§ Records supplied
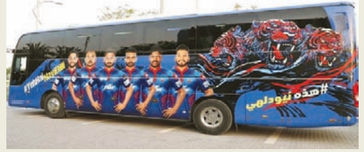
દિલ્હીની કંપનીને બસ કોન્ટ્રાક્ટ આપવાથી નારાજગી

મુંબઈ : મુંબઈમાં દિલ્હી કેપિટલ્સની બસ પર ૫-૬ અજાણ્યા લોકોએ હુમલો કર્યો હતો. જે બાદ હલચલ મચી ગઈ હતી. મહારાષ્ટ્ર નવનિર્માણ સેના (MNS)ના કાર્યકરો દ્વારા આ હુમલો કરવામાં આવ્યો હોવાની જાણકારી મળ્યા બાદ પોલીસ દ્વારા MNS ચાર લોકોની અટકાયત કરવામાં આવી હતી.
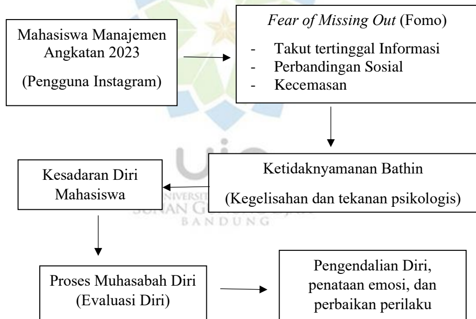
Gambar 1.1. Kerangka Berpikir

Berdasarkan teori dan temuan di atas, hubungan antara FoMO dengan muhasabah diri dapat dipahami sebagai hubungan yang terbentuk dari interaksi antara tekanan sosial digital dan mekanisme introspeksi religius. FoMO akibat penggunaan Instagram dapat meningkatkan kecemasan dan perbandingan sosial pada mahasiswa, sementara muhasabah berfungsi sebagai sarana pengendalian diri, penataan emosi, dan perbaikan perilaku. Dengan demikian, FoMO pada mahasiswa pengguna Instagram memungkinkan dapat menjadi faktor yang mendorong perlunya muhasabah diri sebagai bentuk regulasi diri dalam menghadapi tekanan sosial media. Untuk mempermudah memahaminya maka peneliti membuat kerangka pemikiran sebagai berikut:
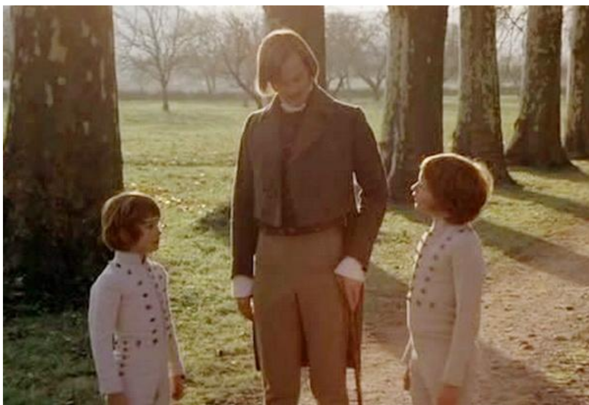
Случайно наткнулась на фильм "Дуэлянты" и там детишки бегали в таких скелетончиках.

Диккенс писал в "Раздумьях на Монмут-стрит": "Первым с краю висел много раз чиненный, порядком измазанный костюм "скелетик" – узкий футляр из синего сукна, в какие засовывали маленьких мальчиков до того, как вошли в обиход свободные платьица
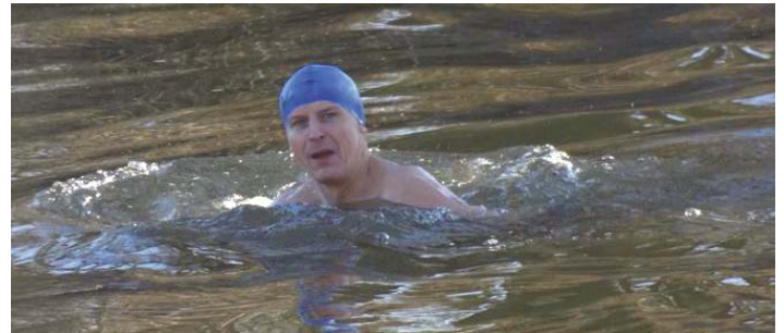
Starszy również pływa i resetuje się

Dziś dzięki mediom społecznościowym i znajomościom z różnymi sportowcami grupa zaczęła się powiększać sukcesywnie a ich poczynania są co raz śmielsze. Do tego należy dołożyć co raz dalsze wyjazdy na wspólne morsowanie z innymi grupami. Dzięki życzliwości wypożyczalni RENT z Zielonej Góry udało im się wyjechać do Międzyzdrojów na wspólną kąpiel z morsami
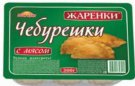
Чбурешки ЖАРЕНКИ с мясом (Морозко), 300 г
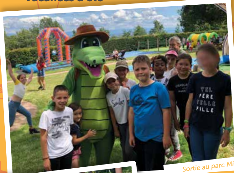
Sortie au parc Mirabelle
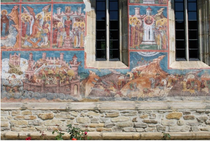
Fig. 1. Asediul Constantinopolului, 1537, în pictura murală exterioară a Bisericii Bunei Vestiri de la Mănăstirea Moldovița.
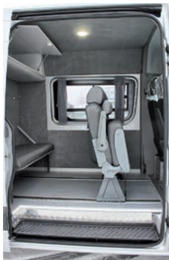
А это уже салон немецкого Sprinter, в рассчитанном на «дальнюю» салоне нашлось место и для спальной полки

Другой интересный медицинский проект – мобильный комплекс на шасси «ГАЗон NEXT» С42R33 CITY «Фермер» с колёсной базой 4515 мм и двухрядной кабиной. Фургон дли-
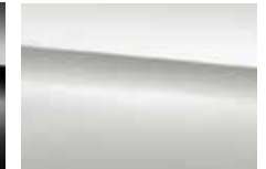
761 polar silver
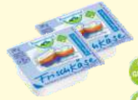
Aus der Region
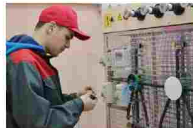
Електропримантер - ремонт та обслуговування електроустаткування

Чікаємо вас за адресою: вул. Видима Пушчова 14, м. Кременчук, Львівська область 39631 Тел.: +380981001177, +380536651121 Е-пошта: vpu7krem@gmail.com Сайт: www.pvpu7.ua Посилання на соціальні мережі: https://www.facebook.com/KrVPU7 https://www.instagram.com/vpu7_krem/
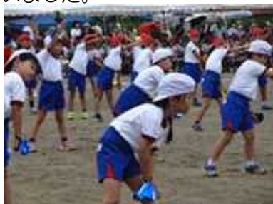
【1年 しんじだい 2023】

第67回秋季大運動会 応援が力になりました！ 今年は3年ぶりに紅白に分かれ勝ち負けを競い、大きな声で歌を歌い、地域種目が入った運動会となりました。子供たちの体力や保護者・職員の声等を大事にし半日開催としました。実際いかがだったでしょうか。また、ご意見をお聞かせください。 さて、残暑厳しい中での練習が続き、熱中症を心配しました。昼休みも応援団やリレー、学年演舞の練習を意欲的にやっていました。9月は運動会一色と言った感じで、本番へ向けて士気が高まっていくのがよく分かりました。 本番は10月1日（日）、天気が心配されましたが、子供たちは練習してきたことを十分発揮できました。家族や地域の応援・声援がパワーとなって、いつもより張り切って競技・演技ができたのではないのでしょうか。1年生にとっては小学校初めての運動会、6年生にとっては最後の運動会となりました。スローガン「燃ゆる感動 永利魂 輝かそう」の通りの運動会となりました。 開催にあたり、PTAの皆様、地域の皆様の御理解と御協力に感謝いたします。本当にありがとうございました。
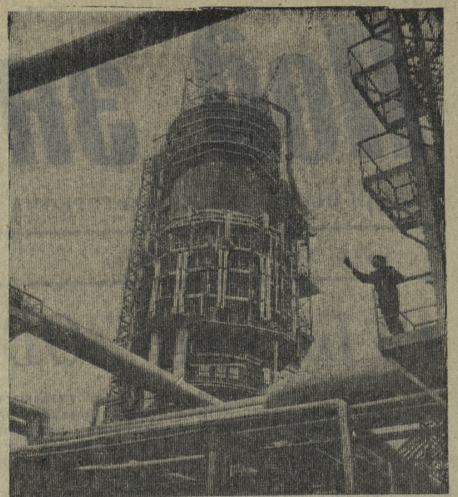
Кременчугский нефтеперерабатывающий завод вырос на Украине за годы минувшей пятилетки. Переработка нефти, которая добывается в восточной части Украинской ССР, ведется здесь тремя наиболее прогрессивными способами: ректификацией, т. е. разделением нефти на фракции, деструкцией углеводородов с помощью установок, носящей название каталитического риформинга, и каталитическим крекингом.
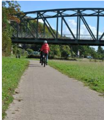
Radwege im Weserbergland

Der Tourismus stellt in der LEADER-Region Östliches Weserbergland einen wesentlichen Wirtschaftszweig dar. Neben dem Erhalt, der Stärkung, Profilierung und Ausweitung bestehender Angebote kommt eine weitere, bedeutsame Aufgabenstellung hinzu: Die Herrichtung historischer Anlagen macht die einzigartige Geschichte der Region lebendig, wichtige Kulturgüter werden im Erhalt gesichert - und erlebbar. Für Naherholungssuchende und TouristInnen bietet sich eine breite Auswahl attraktiver Ausflugs- und Erholungsorte, welche die Identität der BürgerInnen mit ihrer Heimat weiter stärken und Gästen die geschichtliche Entwicklung und somit die Region selbst näherbringen.

§ Exercise
Lines holding the word "Weserbergland" in the entries above are the ones to pull out. Copy them all.

§ Exercise answer
Radwege im Weserbergland
Der Tourismus stellt in der LEADER-Region Östliches Weserbergland einen wesentlichen Wirtschaftszweig dar. Neben dem Erhalt, der Stärkung, Profilierung und Ausweitung bestehender Angebote kommt eine weitere, bedeutsame Aufgabenstellung hinzu: Die Herrichtung historischer Anlagen macht die einzigartige Geschichte der Region lebendig, wichtige Kulturgüter werden im Erhalt gesichert - und erlebbar. Für Naherholungssuchende und TouristInnen bietet sich eine breite Auswahl attraktiver Ausflugs- und Erholungsorte, welche die Identität der BürgerInnen mit ihrer Heimat weiter stärken und Gästen die geschichtliche Entwicklung und somit die Region selbst näherbringen.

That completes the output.